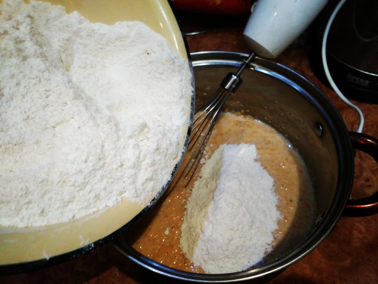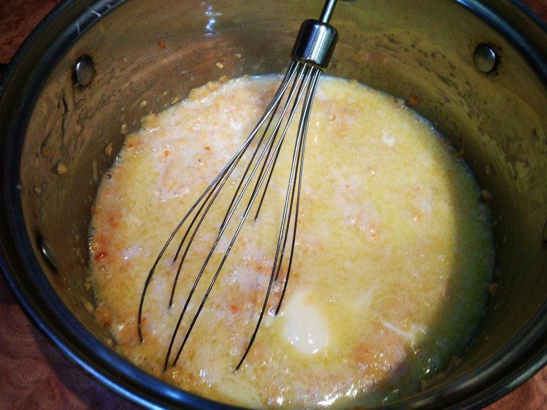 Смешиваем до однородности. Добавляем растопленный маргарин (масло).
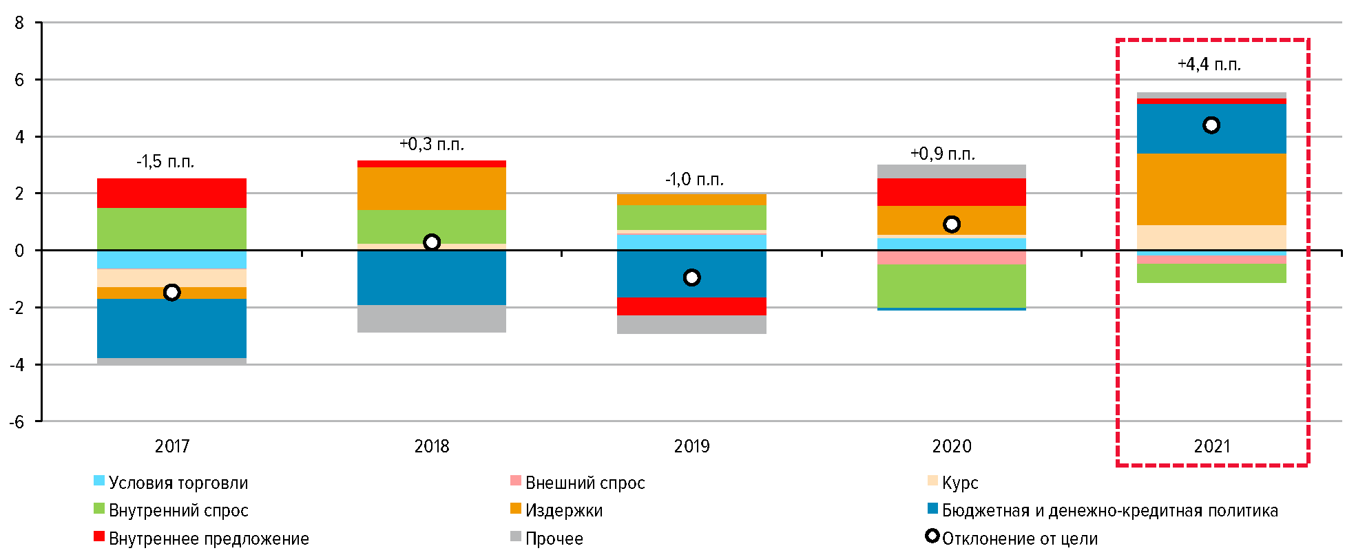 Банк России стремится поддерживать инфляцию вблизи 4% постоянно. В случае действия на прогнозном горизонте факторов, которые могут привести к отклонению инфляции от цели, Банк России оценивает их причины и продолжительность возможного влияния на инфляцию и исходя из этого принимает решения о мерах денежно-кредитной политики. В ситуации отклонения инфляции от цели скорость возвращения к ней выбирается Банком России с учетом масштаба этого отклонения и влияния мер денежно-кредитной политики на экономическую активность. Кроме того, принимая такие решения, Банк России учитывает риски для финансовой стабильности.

□ □ □ □

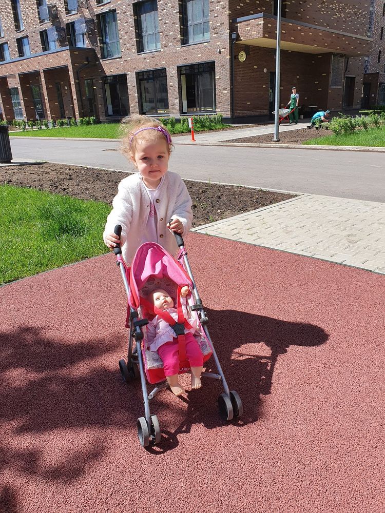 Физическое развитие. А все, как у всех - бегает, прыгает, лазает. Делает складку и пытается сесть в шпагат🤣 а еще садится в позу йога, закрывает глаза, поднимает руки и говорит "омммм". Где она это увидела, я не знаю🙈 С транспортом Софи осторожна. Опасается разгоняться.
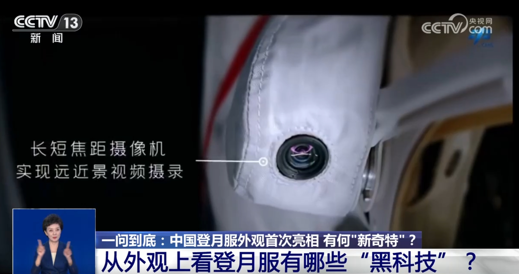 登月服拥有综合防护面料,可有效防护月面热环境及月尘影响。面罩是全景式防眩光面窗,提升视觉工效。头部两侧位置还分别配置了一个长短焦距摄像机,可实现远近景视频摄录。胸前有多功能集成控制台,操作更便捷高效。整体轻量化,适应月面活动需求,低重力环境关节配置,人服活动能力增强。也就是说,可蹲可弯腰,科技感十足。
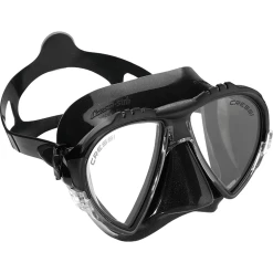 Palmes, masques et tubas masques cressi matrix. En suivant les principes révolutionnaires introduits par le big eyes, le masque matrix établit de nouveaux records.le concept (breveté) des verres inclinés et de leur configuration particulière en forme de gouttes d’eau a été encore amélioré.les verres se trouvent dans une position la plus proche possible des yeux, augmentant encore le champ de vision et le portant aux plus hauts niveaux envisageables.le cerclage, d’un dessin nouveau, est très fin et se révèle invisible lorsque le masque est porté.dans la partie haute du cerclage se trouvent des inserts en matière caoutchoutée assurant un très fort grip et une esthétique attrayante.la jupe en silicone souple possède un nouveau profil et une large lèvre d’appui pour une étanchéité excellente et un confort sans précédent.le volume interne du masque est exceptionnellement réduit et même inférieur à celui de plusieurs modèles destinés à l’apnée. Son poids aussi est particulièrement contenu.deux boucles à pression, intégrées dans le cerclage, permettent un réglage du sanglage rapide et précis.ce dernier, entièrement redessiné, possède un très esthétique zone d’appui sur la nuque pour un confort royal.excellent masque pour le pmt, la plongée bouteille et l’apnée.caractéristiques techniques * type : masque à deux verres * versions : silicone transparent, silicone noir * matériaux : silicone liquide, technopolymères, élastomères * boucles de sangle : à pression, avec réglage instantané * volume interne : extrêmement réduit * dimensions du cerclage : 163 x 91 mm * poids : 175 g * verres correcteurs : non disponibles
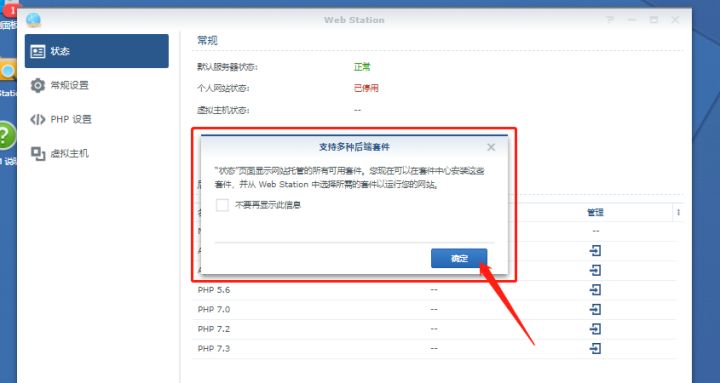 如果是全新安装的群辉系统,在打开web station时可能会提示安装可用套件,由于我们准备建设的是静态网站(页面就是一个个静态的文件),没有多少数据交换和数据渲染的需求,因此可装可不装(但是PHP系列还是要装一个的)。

□ □ □ □

• Required action
Give again the stretch of the entries above that begins at the line with "Физическое развитие. А" and ends at the line with "登月服拥有综合防护面料,可有", word for word, with no pictures.

• The answer
 Физическое развитие. А все, как у всех - бегает, прыгает, лазает. Делает складку и пытается сесть в шпагат🤣 а еще садится в позу йога, закрывает глаза, поднимает руки и говорит "омммм". Где она это увидела, я не знаю🙈 С транспортом Софи осторожна. Опасается разгоняться.
 登月服拥有综合防护面料,可有效防护月面热环境及月尘影响。面罩是全景式防眩光面窗,提升视觉工效。头部两侧位置还分别配置了一个长短焦距摄像机,可实现远近景视频摄录。胸前有多功能集成控制台,操作更便捷高效。整体轻量化,适应月面活动需求,低重力环境关节配置,人服活动能力增强。也就是说,可蹲可弯腰,科技感十足。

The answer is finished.